Crisp Linen vs Steamed Milk
Both are Sherwin-Williams colors. Both sit in the beige family, which is useful context if you're narrowing within a single hue direction. At LRV 80 vs 76, Crisp Linen will read as the brighter of the two — a 4-point gap that matters most in north-facing or low-light rooms. They share a warm quality — useful to know if you're layering them in the same space. With a ΔE of 2.3, the difference is subtle — you'd need them side by side to reliably tell them apart. Below you'll find 2 real-room photo comparisons where both colors appear side by side, plus 5 simulated room previews.
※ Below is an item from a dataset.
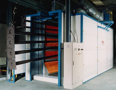 在烤爐進口安裝一套工件感應裝置,常規工件通過時,紅外輻射開啟約50%功率即可達到升溫要求,若有非常規工件(即尺寸過小),離輻射面板過遠時,感應裝置可提前發出信號,工件到達指定工位前,提前增加輻射面板輸出功率,配合爐內耐溫紅外線測溫儀,檢測表面油漆溫度,自動調節面板的輸出功率,可確保工件表面油漆溫度80°C±5°C的要求 | 在送風口設置過濾裝置,以保證循環風的潔凈度,選擇3001GG耐高溫粗效平板式過濾器,其采用無堿玻璃纖維絲條加工而成,纖維層由迎風面到背風面由稀到密,有效地阻攔灰塵,具有風量大、阻力小、阻燃、耐化學腐蝕、耐輻射能力卓越的特點。 | 為降低系統運行時能量的散失,在工件進出仿形門洞處,設置有風幕,利用高速氣流切斷熱量外流。 | 烘干溫度最高到200℃,可根據需要調節設定,以適應涂裝生產發展及采用不同涂料的需要。爐內溫度采用數字式溫控儀顯示并自動控制,在烘干室前、中、后三處各設一點,其中中間一點控溫,前后兩點顯示,在加熱室設一溫度顯示,采集信號送入控制柜溫控儀,由溫控儀按設定烘干溫度值對加熱器的工作進行自動控制,保證室體內溫度滿足烘干任務的完成。具有超溫聲光報警并自動聯鎖停機功能。 | 加熱系統設置有風壓開關,當檢測到無風送入時,立即發出控制信號,切斷加熱器,停止運行,避免“干燒”事故的發生。 |

Crisp Linen vs Steamed Milk in Real Spaces
2 real rooms side by side. Crisp Linen and Steamed Milk are close enough that the difference can be hard to judge from a chip alone — these photos show how each reads at scale, across different spaces and lighting conditions.
Living Room
Living rooms test a color across a full range of conditions — morning sun, afternoon shade, and evening lamp light all shift how both of these read. Crisp Linen has the edge in reflectance, which shows as a quiet sense of added space rather than an obvious contrast.
House
At full exterior scale, the difference between these two colors becomes much easier to judge than from a small chip. The brightness difference is modest but present — Crisp Linen gives the walls a little more lift.
Color Details
Crisp Linen vs Steamed Milk Simulated Comparison
5 simulated room previews — drag the slider on each to see Crisp Linen on one side and Steamed Milk on the other.
Digital color is approximate. These simulations are generated from the manufacturer's hex values and overlaid on grayscale room photos — your screen's calibration, brightness, and viewing angle all affect how they render. Before committing to either color, test physical samples in your own space under the light you actually live with.
More Crisp Linen comparisons
See how Crisp Linen stacks up against other well-photographed colors across different brands and tones.